8. AUTHORIZE and DIRECT the Designated Officers of the County, as defined in Resolution No. 2020/8, to do any and all things and take any all actions, and execute and deliver any and all certificates, agreements, and other documents which the officer may deem necessary or advisable in order to consummate the lawful issuance and delivery of the Notes in accordance with the Resolution.
FISCAL IMPACT:
No impact to the General Fund. At the closing for the Note, the County is reimbursed for costs incurred in the issuance process. Annual expenses for monitoring of Regulatory Agreement provisions ensuring units in the Development will be rented to low income households will be reimbursed through issuer fees established in the documents for the Note. The Note will be solely secured by and payable from revenues (e.g. Development rents, reserves, etc.) pledged under the Note documents. No County funds are pledged to secure the repayment of the Note.
BACKGROUND:
The recommended action is the adoption of Resolution 2020/8 by the Board of Supervisors, as the legislative body of the County, authorizing the issuance of a multifamily housing revenue note, the proceeds of which will be used to finance the acquisition and rehabilitation of Hidden Cove, an 88-unit residential housing development located at 2900, 2901, 2911 and 2921-2931 Mary Ann Lane in Bay Point (the “Development”). The ownership entity for the development is Hidden Cove Apartments, LP (the "Borrower"), a California limited partnership that consists of an entity related to the Foundation for Affordable Housing as the managing general partner and CREA as the tax credit equity investor. On July 9, 2019, the Board of Supervisors approved the transfer of ownership of Hidden Cove Apartments to the Borrower (Resolution No. 2019/469).

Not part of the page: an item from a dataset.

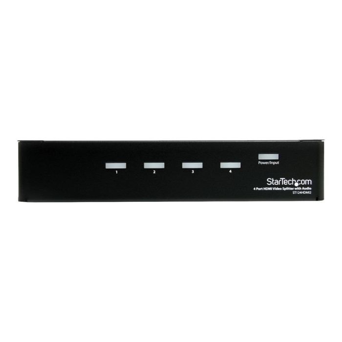 El multiplicador HDMI ST124HDMI2 de Startech es un conmutador HDMI diseñado para distribuir una señal de audio y vídeo de alta definición a múltiples pantallas simultáneamente, permitiendo conectar hasta 4 monitores o receptores con entrada HDMI o DVI-D sin pérdida de calidad en la imagen ni en el sonido. Este equipo compacto y robusto, con carcasa de acero negro y dimensiones de 135 mm de ancho por 220 mm de profundidad y 44 mm de altura, se destaca por ofrecer soporte para resoluciones de vídeo HD de hasta 1080p (1920 x 1200 píxeles), garantizando una reproducción clara y nítida, ideal para instalaciones profesionales en entornos que requieren alta fidelidad visual. El splitter incluye soportes de montaje integrados, facilitando una instalación ordenada y segura en paredes o superficies, lo que contribuye a una gestión eficiente del espacio y del cableado. Además, permite conectar pantallas situadas a una distancia máxima de 15,2 metros desde el dispositivo, gracias a su amplificador de señal integrado. En cuanto al audio, el ST124HDMI2 ofrece flexibilidad al contar con conexiones separadas de audio de 3,5 mm, posibilitando la transmisión del sonido tanto a través del canal HDMI como mediante una salida estéreo independiente, adaptándose así a diferentes configuraciones de sistemas de sonido externos. Este divisor opera con un rango de voltaje de entrada de 100 a 240 V AC y suministra una salida de 12 V para garantizar la estabilidad energética necesaria para un funcionamiento continuo y fiable. El conmutador se beneficia de la garantía y calidad tecnológicas propias de Startech, reconocido por sus soluciones de conectividad profesional que combinan funcionalidad y durabilidad. En definitiva, el ST124HDMI2 es una herramienta versátil y eficaz para cualquier aplicación que precise distribuir señales HDMI con calidad digital, ofreciendo una solución técnica avanzada y fácil de instalar para entornos audiovisuales exigentes.

Conservation and Development staff held a noticed public hearing on July 29, 2019 to permit interested parties to comment on the proposed financing and the Development. No comments were received from the public. The Board adopted Resolution No. 2019/508 on August 6, 2019 to authorize proceeding with the issuance of the Note for the Development pursuant to Section 147(f) of the Internal Revenue Code and the submittal of an application by the County for tax-exempt private activity bond authority from the California Debt Limit Allocation Committee. On October 16, 2019, the California Debt Limit Allocation Committee awarded the County authority to issue the Note in a maximum principal amount of $16,350,000 through its Resolution No. 19-134.

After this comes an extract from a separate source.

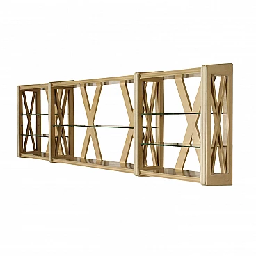 Libreria pensile in legno laccato e ripiani in vetro. Prodotto in buone condizioni, presenta piccoli segni di usura.

The structure of the financing will be one note (the term “note” is interchangeable with “bond” as they both evidence a borrowing). The County of Contra Costa, California Multifamily Housing Revenue Note (Hidden Cove Apartments) Series 2020 A (the “Note”) will be purchased by Capital One National Association (the “Funding Lender”) and the proceeds of the sale will be loaned by the County to the Borrower to finance the acquisition and rehabilitation of the Development. The loan will be assigned to Freddie Mac. In addition to the proceeds of the Note, the Development will be funded with low income housing tax credits. The transaction is expected to close on or about January 31, 2020.
The Development will be one hundred percent affordable with eighteen units affordable to households earning at or below 50% area median income and 69 units at or below 60% area median income plus one managers unit. A new Regulatory Agreement governing these affordability restrictions will be recorded against the property and the current Regulatory Agreement (entered in 2003) will be terminated. The County approved the original development of the project on February 11, 1986.
CONSEQUENCE OF NEGATIVE ACTION:
Negative action would prevent the County from issuing the Multifamily Housing Revenue Note in order to provide a loan to Hidden Cove Apartments, LP to finance the acquisition and rehabilitation of Hidden Cove Apartments.
CHILDREN'S IMPACT STATEMENT:
The recommendation supports one or more of the following children's outcomes:
(1) Children Ready for and Succeeding in School;
(2) Children and Youth Healthy and Preparing for Productive Adulthood;
(3) Families that are Economically Self Sufficient;
(4) Families that are Safe, Stable and Nurturing; and
(5) Communities that are Safe and Provide a High Quality of Life for Children and Families.